How to complete this task: Find the line below with "This limited edition" and the line with "This pesto baked". Output exactly those lines and everything between them, leaving out the pictures.

[Opening Data provided section]

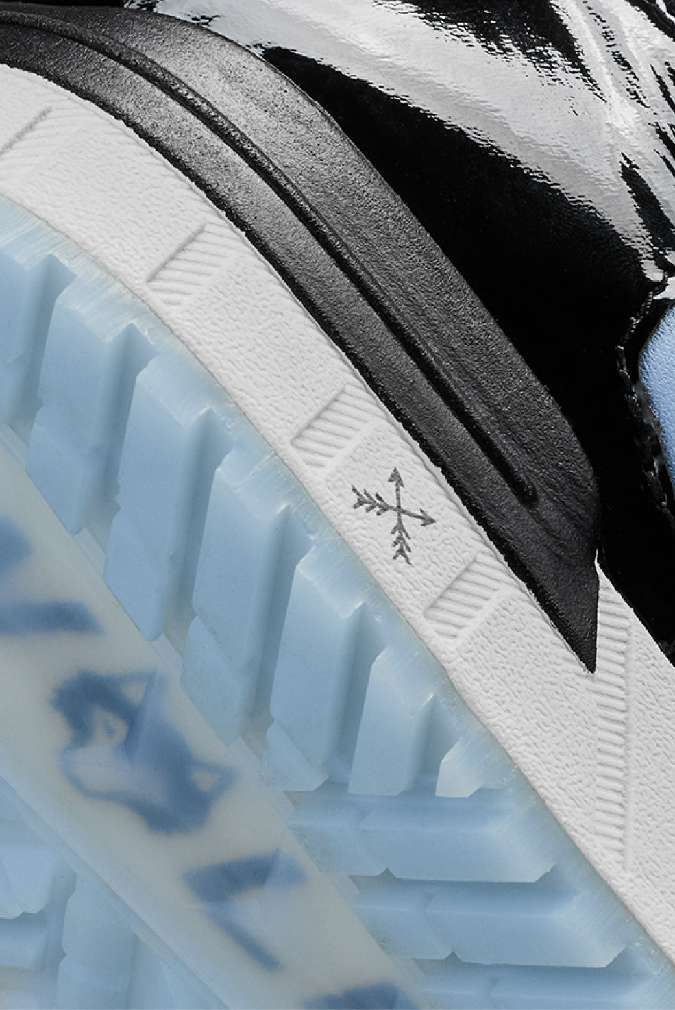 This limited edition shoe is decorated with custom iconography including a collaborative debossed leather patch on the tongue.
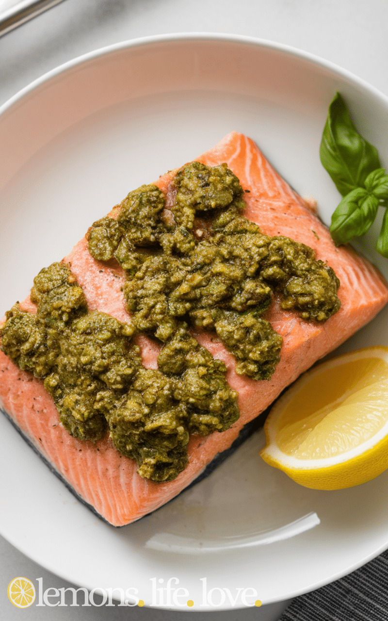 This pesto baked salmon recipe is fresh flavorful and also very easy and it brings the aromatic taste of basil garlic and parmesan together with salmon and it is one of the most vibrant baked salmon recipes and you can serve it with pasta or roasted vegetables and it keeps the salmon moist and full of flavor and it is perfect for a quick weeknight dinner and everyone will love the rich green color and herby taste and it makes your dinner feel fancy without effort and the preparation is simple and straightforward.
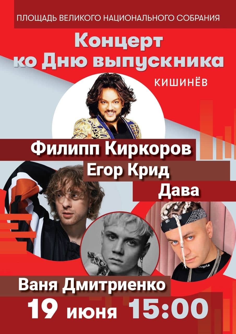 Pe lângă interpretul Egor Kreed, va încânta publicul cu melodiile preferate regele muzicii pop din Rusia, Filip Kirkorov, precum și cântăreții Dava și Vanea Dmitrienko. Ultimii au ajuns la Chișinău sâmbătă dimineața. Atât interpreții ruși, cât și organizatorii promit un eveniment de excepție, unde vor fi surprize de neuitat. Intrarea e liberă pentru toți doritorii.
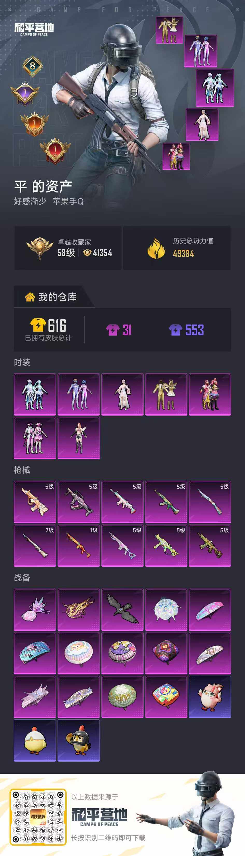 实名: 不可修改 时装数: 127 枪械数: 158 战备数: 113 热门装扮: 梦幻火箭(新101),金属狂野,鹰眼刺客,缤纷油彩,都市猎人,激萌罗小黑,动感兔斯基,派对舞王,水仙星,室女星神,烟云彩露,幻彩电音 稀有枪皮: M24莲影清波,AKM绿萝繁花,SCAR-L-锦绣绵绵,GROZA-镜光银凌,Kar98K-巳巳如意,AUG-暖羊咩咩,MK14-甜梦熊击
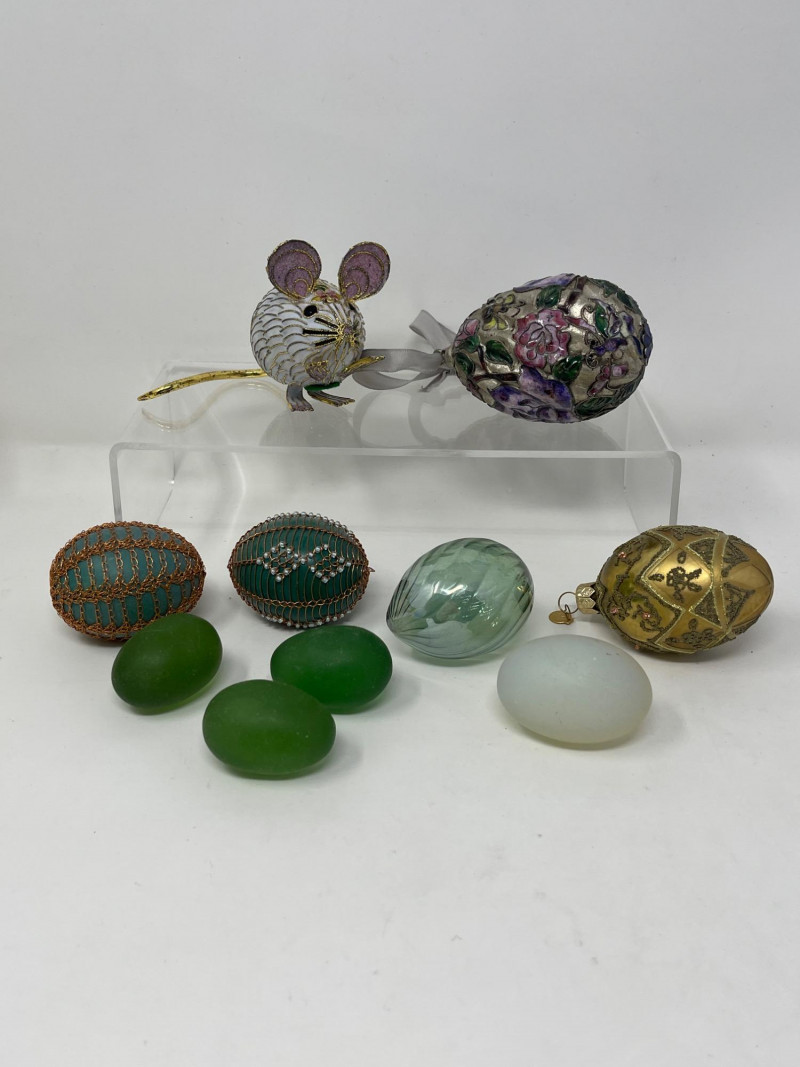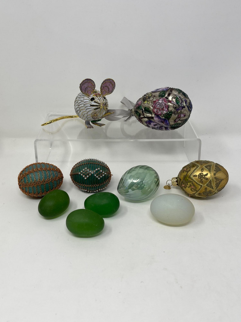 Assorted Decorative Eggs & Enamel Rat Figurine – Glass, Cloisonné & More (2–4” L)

[Closing Data provided section]
[Opening Data provided section]

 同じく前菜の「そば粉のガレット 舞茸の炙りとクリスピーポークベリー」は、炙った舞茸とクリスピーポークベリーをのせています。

[Closing Data provided section]
[Opening Data provided section]

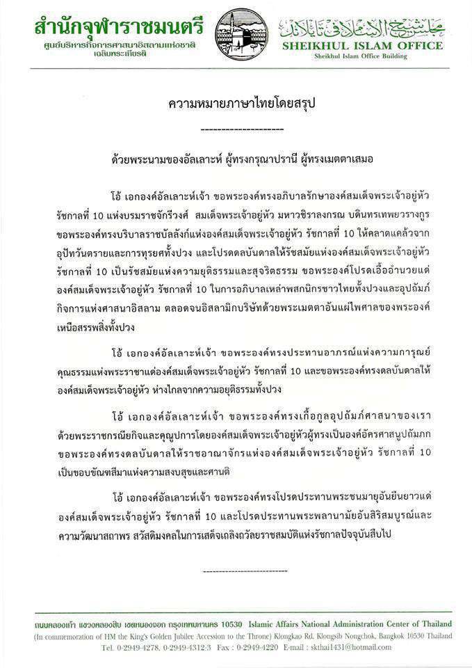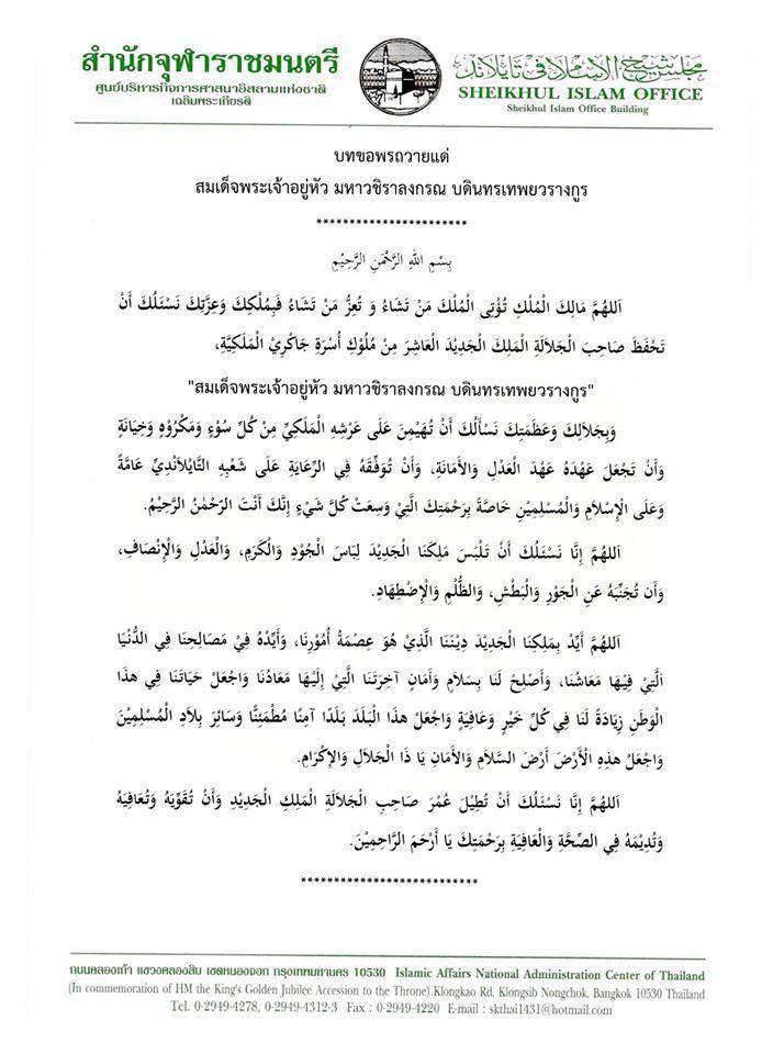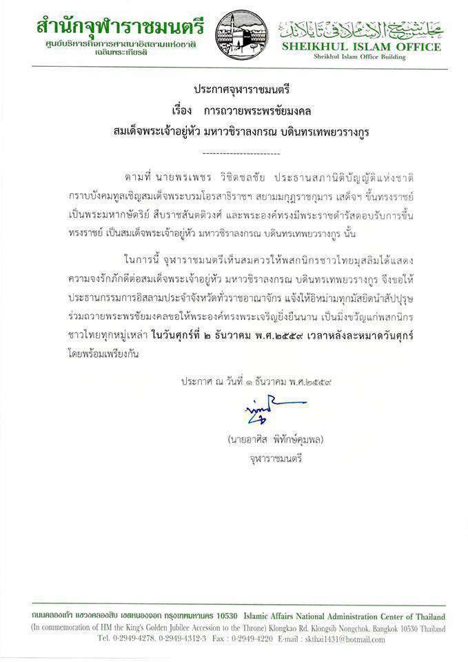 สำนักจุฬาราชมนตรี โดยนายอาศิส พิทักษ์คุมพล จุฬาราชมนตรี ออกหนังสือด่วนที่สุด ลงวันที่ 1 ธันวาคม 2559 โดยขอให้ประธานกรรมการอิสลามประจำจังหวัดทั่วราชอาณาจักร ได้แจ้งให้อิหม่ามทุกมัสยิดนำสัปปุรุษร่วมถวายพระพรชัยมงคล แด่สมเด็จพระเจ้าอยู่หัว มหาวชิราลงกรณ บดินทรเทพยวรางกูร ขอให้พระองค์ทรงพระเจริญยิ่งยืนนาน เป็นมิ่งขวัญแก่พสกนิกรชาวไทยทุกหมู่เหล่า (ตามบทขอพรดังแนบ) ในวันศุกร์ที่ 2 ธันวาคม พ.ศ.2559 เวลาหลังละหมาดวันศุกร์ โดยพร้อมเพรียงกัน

[Closing Data provided section]

Reply:
 This limited edition shoe is decorated with custom iconography including a collaborative debossed leather patch on the tongue.
 This pesto baked salmon recipe is fresh flavorful and also very easy and it brings the aromatic taste of basil garlic and parmesan together with salmon and it is one of the most vibrant baked salmon recipes and you can serve it with pasta or roasted vegetables and it keeps the salmon moist and full of flavor and it is perfect for a quick weeknight dinner and everyone will love the rich green color and herby taste and it makes your dinner feel fancy without effort and the preparation is simple and straightforward.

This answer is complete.